== Raw data ==

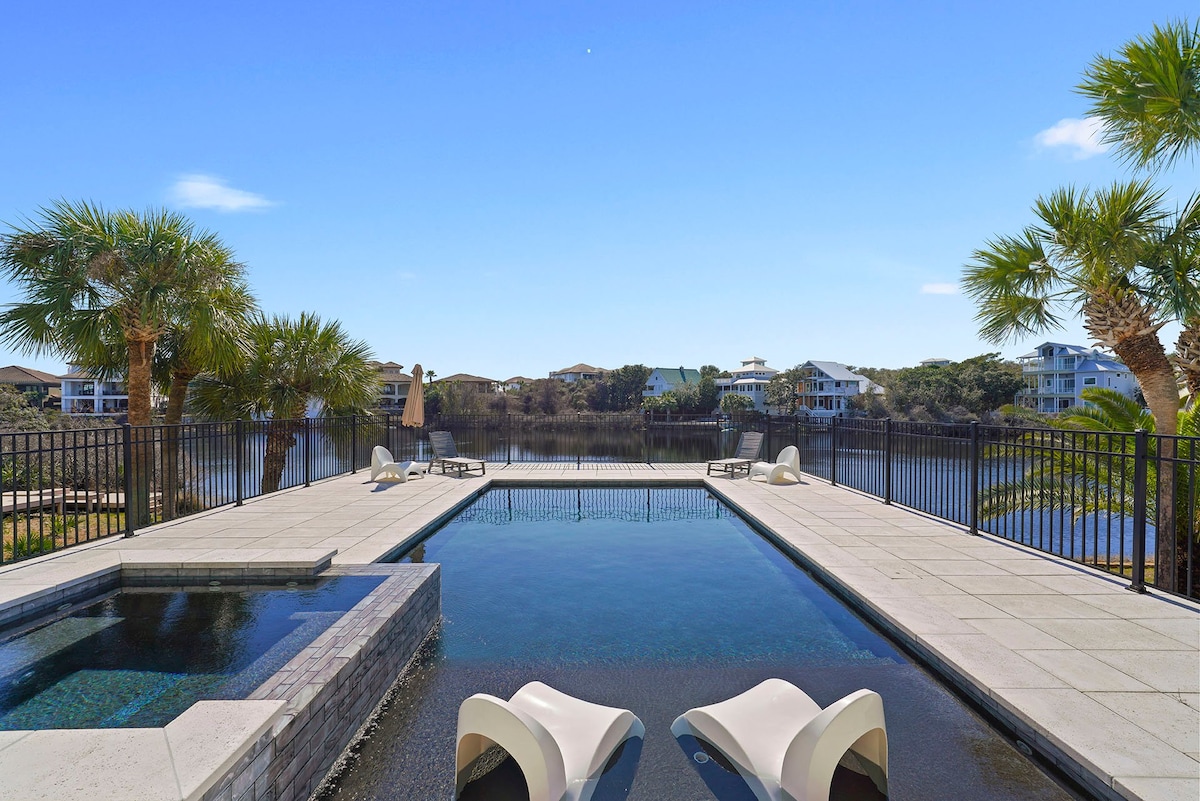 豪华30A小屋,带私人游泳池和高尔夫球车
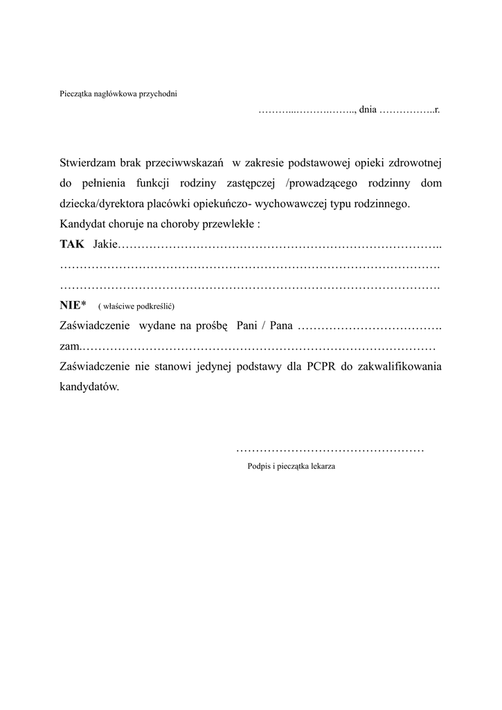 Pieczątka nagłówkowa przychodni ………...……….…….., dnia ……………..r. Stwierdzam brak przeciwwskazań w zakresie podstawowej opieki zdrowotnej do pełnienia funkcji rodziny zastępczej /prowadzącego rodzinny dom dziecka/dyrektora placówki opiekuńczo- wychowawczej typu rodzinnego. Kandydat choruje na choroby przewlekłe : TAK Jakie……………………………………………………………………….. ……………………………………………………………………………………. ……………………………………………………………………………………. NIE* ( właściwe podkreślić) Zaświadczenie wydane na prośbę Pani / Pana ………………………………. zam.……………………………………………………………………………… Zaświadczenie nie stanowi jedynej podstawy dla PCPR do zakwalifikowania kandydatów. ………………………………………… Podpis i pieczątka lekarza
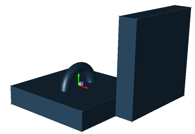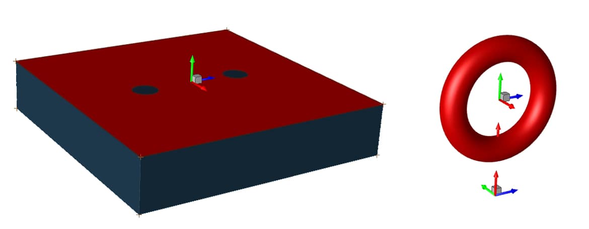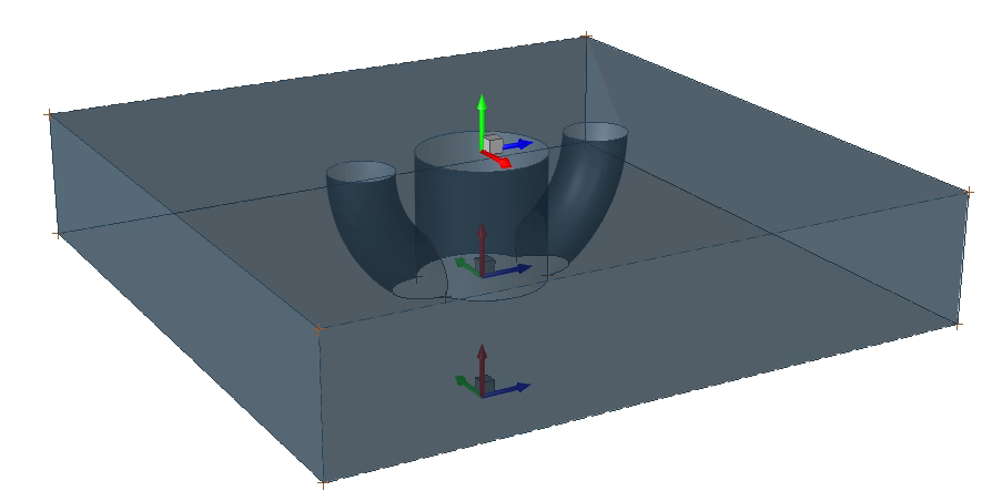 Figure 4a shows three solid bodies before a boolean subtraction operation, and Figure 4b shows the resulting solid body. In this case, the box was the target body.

===

Action item: The answer must be the full listing, word for word, with no images in it.

Response to the exercise:
 豪华30A小屋,带私人游泳池和高尔夫球车
 Pieczątka nagłówkowa przychodni ………...……….…….., dnia ……………..r. Stwierdzam brak przeciwwskazań w zakresie podstawowej opieki zdrowotnej do pełnienia funkcji rodziny zastępczej /prowadzącego rodzinny dom dziecka/dyrektora placówki opiekuńczo- wychowawczej typu rodzinnego. Kandydat choruje na choroby przewlekłe : TAK Jakie……………………………………………………………………….. ……………………………………………………………………………………. ……………………………………………………………………………………. NIE* ( właściwe podkreślić) Zaświadczenie wydane na prośbę Pani / Pana ………………………………. zam.……………………………………………………………………………… Zaświadczenie nie stanowi jedynej podstawy dla PCPR do zakwalifikowania kandydatów. ………………………………………… Podpis i pieczątka lekarza
 Figure 4a shows three solid bodies before a boolean subtraction operation, and Figure 4b shows the resulting solid body. In this case, the box was the target body.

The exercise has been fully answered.